I had a conversation with @Jbutler-helpful on March 16th, 2023 about the Open-Know-Where as an initiative.
The main points of discussion were:
- OKW’s current tools, documentation, and the shown list of resources:
- Prototype Folium map:
This map is generated using Python, by reading database files. This example uses GeoJson but it can be used to read, CSV, Sqlite, and so on converting the files to Dataframes.
Link: Prototype map
- Data analysis of machines in Fab Labs:
This is a data scrapping exercise where data from fablabs.io has been analyzed and matched to Fablab locations with the output being a quantification of machines, and classification of machines by clustering tags to the [‘3d printing’, ‘laser’, ‘precision_milling’, ‘cnc_milling’, ‘vinyl_cutting’] capabilities classification.
Link: Machines in FabLabs classification, geolocation, and data analysis.

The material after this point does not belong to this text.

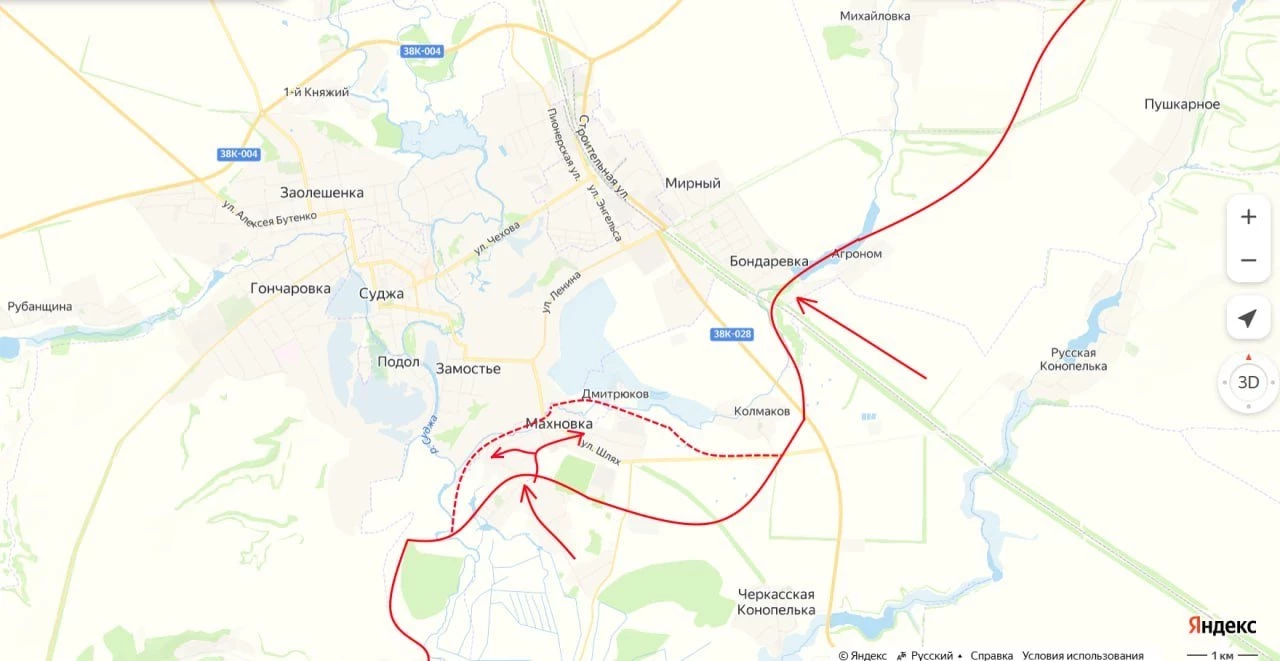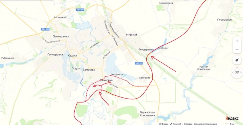 "Между тем, контуры главного удара ВС РФ и его направление постепенно начинают прорисовываться. Этот удар уже наносится с запада от Новоивановки, через Леонидово, Александрию между Лебедевкой и Малой Локней к трассе "Суджа - Льгов", - отметил эксперт в своём Telegram-канале.
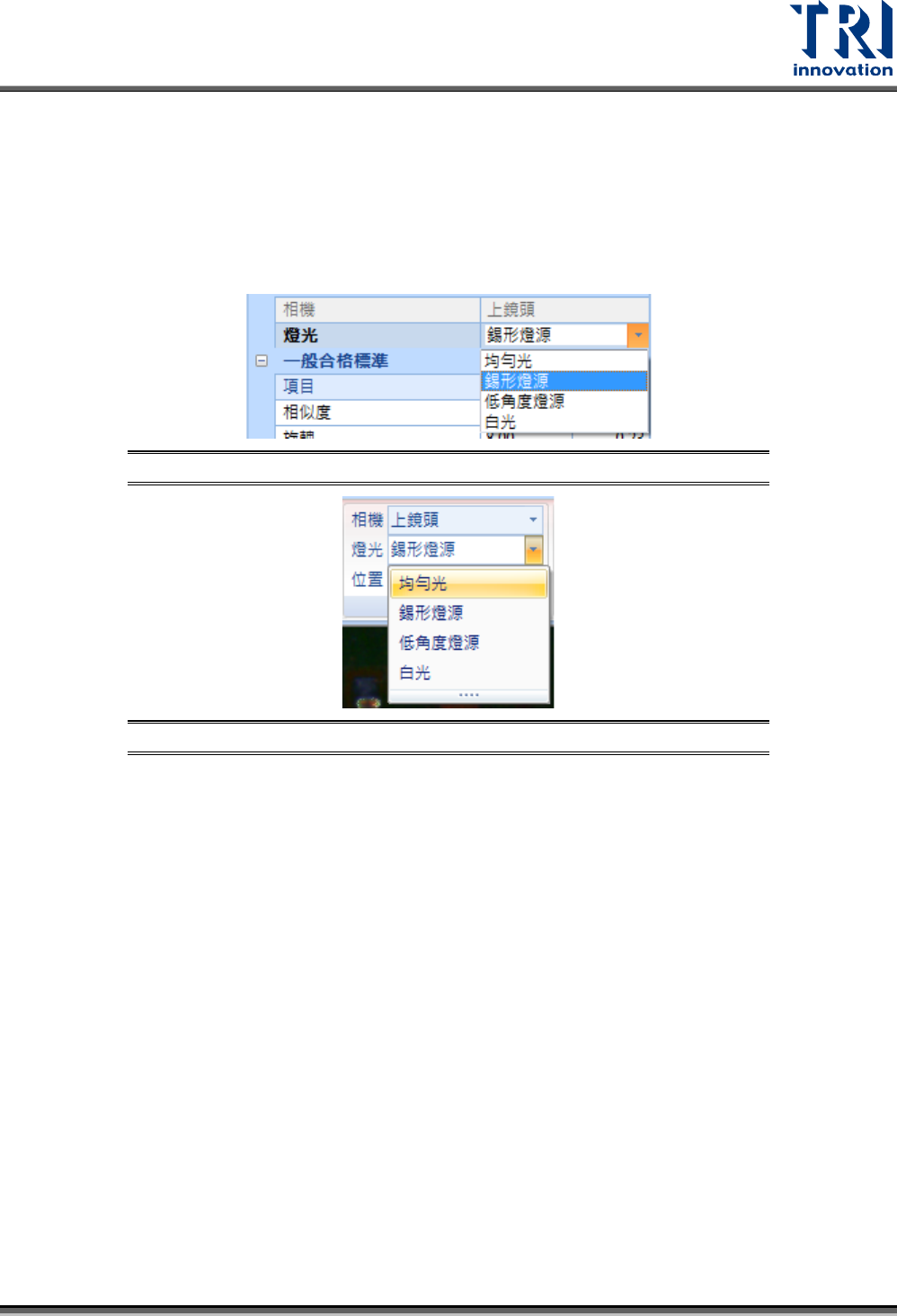 檢測框參數設定面板”中”硬體設定”的”燈光”進行切換檢測光源的動作。若只是要切換影像圖區的

- Current infrastructure of the OKW:
- OKW Map diagram:
This diagram represents the current workstream (That is a work in progress) for the OKW map of manufacturing.
Link: OKW map page
We talked about these initiatives:
OKH intersection with OKW:
- Machines classification process and taxonomy:
- Description: Taxonomy that defines and classifies the machines by Machine type, Manufacture process, and Material type inputs.
- Matching OKH and OKW.
- Description: Match OKH and OKW documents by Geographical area, manufacturing process, production rates, and materials.
- Book recommendations:
- Requests by James:
- Add James to the communications stream and keep frequent meetups about OKW. Done, passed to @schutton.
- Have an OKW standard specification ERD description document in YAML format.
- How to export Jupyter notebooks to interactive HTML files.
- Summary of Jupyter notebooks by IoPA DevOps.